/cutlass

CUDA Templates for Linear Algebra Subroutines

Primary LanguageCudaBSD 3-Clause "New" or "Revised" LicenseBSD-3-Clause

ALT

CUTLASS 2.1

CUTLASS 2.1 - April 2020

CUTLASS is a collection of CUDA C++ template abstractions for implementing high-performance matrix-multiplication (GEMM) at all levels and scales within CUDA. It incorporates strategies for hierarchical decomposition and data movement similar to those used to implement cuBLAS. CUTLASS decomposes these "moving parts" into reusable, modular software components abstracted by C++ template classes. These thread-wide, warp-wide, block-wide, and device-wide primitives can be specialized and tuned via custom tiling sizes, data types, and other algorithmic policy. The resulting flexibility simplifies their use as building blocks within custom kernels and applications.

To support a wide variety of applications, CUTLASS provides extensive support for mixed-precision computations, providing specialized data-movement and multiply-accumulate abstractions for half-precision floating point (FP16), single-precision floating point (FP32), double-precision floating point (FP64) types, integer data types (4b and 8b), and binary data types (1b). Furthermore, CUTLASS demonstrates warp-synchronous matrix multiply operations for targeting the programmable, high-throughput Tensor Cores implemented by NVIDIA's Volta and Turing architectures.

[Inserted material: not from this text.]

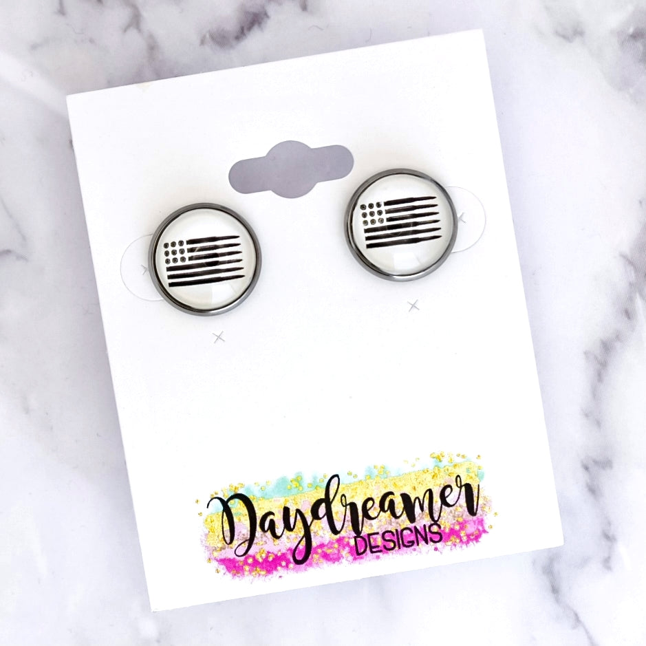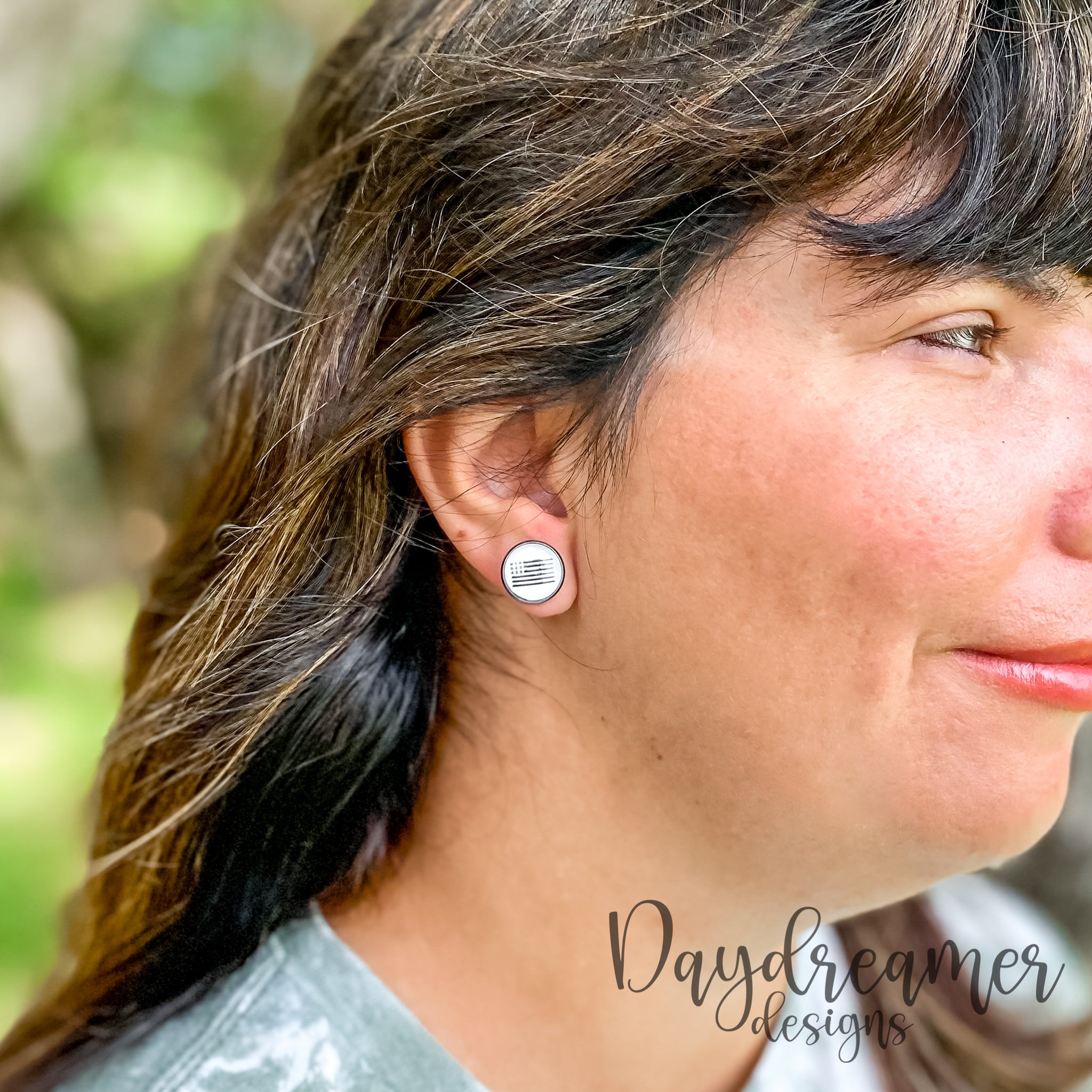 Shown are 12mm stud earrings. This is our most popular size for both adults and kids!

See the Quick Start Guide to get started quickly.

What's New in CUTLASS 2.1

CUTLASS 2.1 is a minor update to CUTLASS 2.0 adding:

What's New in CUTLASS 2.0

CUTLASS 2.0 is a substantial refactoring from the previous version, intended to offer:

  • Better performance over 1.x, particularly for kernels targeting Turing Tensor Cores
  • Robust and durable templates that reliably span the design space
  • Encapsulated functionality that may be reusable in other contexts

See the CHANGELOG for more details.

See the functionality listing for the list of operations supported at each level of the execution model hierarchy.

Performance

CUTLASS primitives are very efficient. When used to construct device-wide GEMM kernels, they exhibit performance comparable to cuBLAS for scalar GEMM computations. The above figure shows CUTLASS performance relative to cuBLAS for large matrix dimensions on an NVIDIA GeForce 2080 Ti and an NVIDIA TitanV using CUDA 10.2. Tensor Core operations are implemented using CUDA's mma instruction.

Compatibility

CUTLASS requires a C++11 host compiler and performs best when built with the CUDA 10.2 Toolkit. It is compatible with CUDA 9.2, CUDA 10.0, and CUDA 10.1.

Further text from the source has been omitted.